The confirmation that nearly half of the cases involve health workers has raised concern about infection prevention and control measures in clinical settings. Ebola outbreaks in Uganda have historically recorded high infection rates among frontline workers during the early stages of epidemics, often linked to delayed diagnosis or inadequate protective equipment.
Baryomunsi said the current response includes reinforcing infection prevention protocols and continuous training for health personnel, particularly in private and lower-level health facilities.
“Ebola is real”: Govt pushes back against misinformation
The Ministry of Health has also raised concern over misinformation and rumours spreading within communities, warning that false narratives are undermining response efforts.
“Rumours and fake news are spreading faster than the virus,” Olaro said. “We urge the public to rely only on verified sources such as the Uganda Media Centre and the Ministry of Health for accurate information,” referring to the Uganda Media Centre.
Olaro said misinformation has previously contributed to delayed treatment-seeking, resistance to contact tracing and stigma against survivors.
To counter this, health teams have increased community engagement through radio messaging, local leaders and real-time updates on case management.
“By the time we discharge a patient from quarantine, they will have tested negative. Communities are urged to desist from stigmatising individuals who have undergone treatment, as they pose no risk after recovery and clearance,” Olaro said.

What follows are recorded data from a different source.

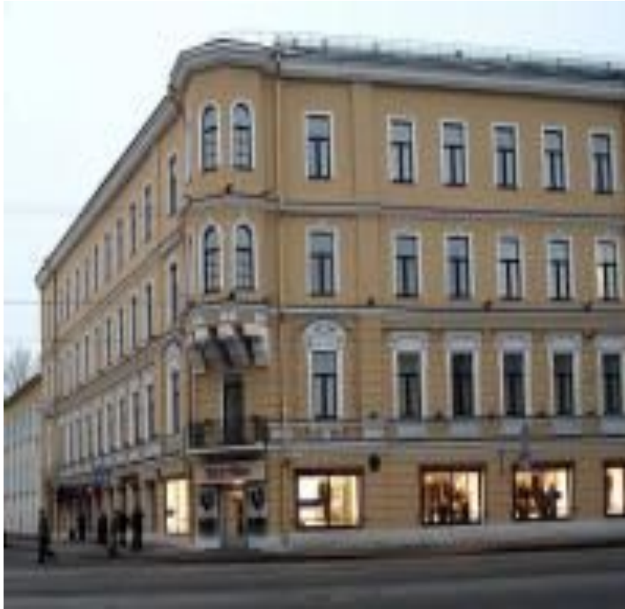
Здание школы им. Достоевского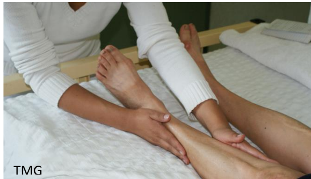
22. effleurage en miembro inferior izquierdo.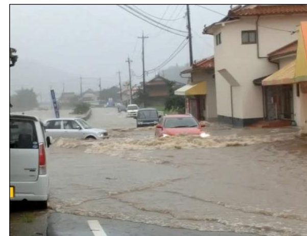
へいせい ねん がつ 平成26年8月 川のはんらん [三原市]

大雨によって川などがあふれることでおこる災害です。ていぼうをこえた水がながれこみ、家や田畑などが水につかります。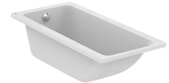
VASCA IDEAL STANDARD Connect air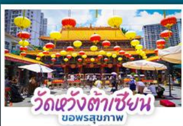
วัดแห่งต้าเซียงน บอพรลุขภาพ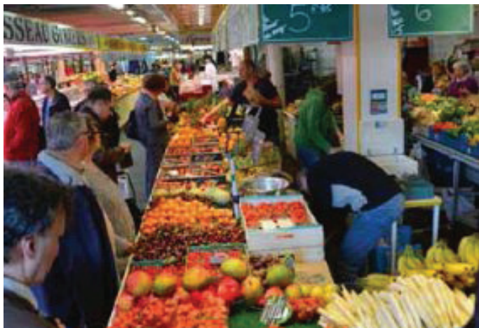
Markthalle in Saint-Leu-la-Forêt.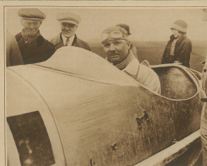
Driver einer der bekanntesten französischen Rennfahrer, siegte in seiner Kategorie in 17 Min. 45/5 Sek.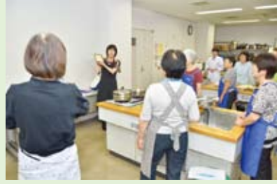
▲料理教室を実施した推進員

健康づくり推進員は、区の委嘱を受けた健康づくりに関心のある区民です。体操や健康吹き矢など、さまざまな活動を自主的に行っています=表1・2。参加を希望する方は、お問い合わせください。

Collective responsibility in containment
Baryomunsi emphasised that Ebola control cannot be achieved by the health sector alone and called for collective responsibility from all citizens.
“It will take a collective effort from all of us to successfully defeat Ebola. This is not a fight for health workers alone,” he said.
He urged communities to strictly follow standard operating procedures and public health guidelines issued by the ministry, warning that complacency could reverse gains already made.
“Our appeal to the public is to first recognise that this outbreak is real and that Ebola is a deadly disease. The most effective way to contain it is by strictly observing the SOPs and public health guidelines issued by the Ministry,” he said.
Baryomunsi also noted that Uganda’s repeated exposure to Ebola highlights its geographic vulnerability, particularly because of its porous border with the DRC.
“Ebola is not new to Uganda. Since the outbreak that claimed the life of Dr Matthew Lukwiya, the country has faced more than eight outbreaks, most linked to neighbouring DRC, underscoring the risk to border communities.” he said.
However, the Ministry of Health maintained that continued vigilance remains essential, particularly in communities along the Uganda-DRC border, where cross-border movement continues to be a persistent risk factor.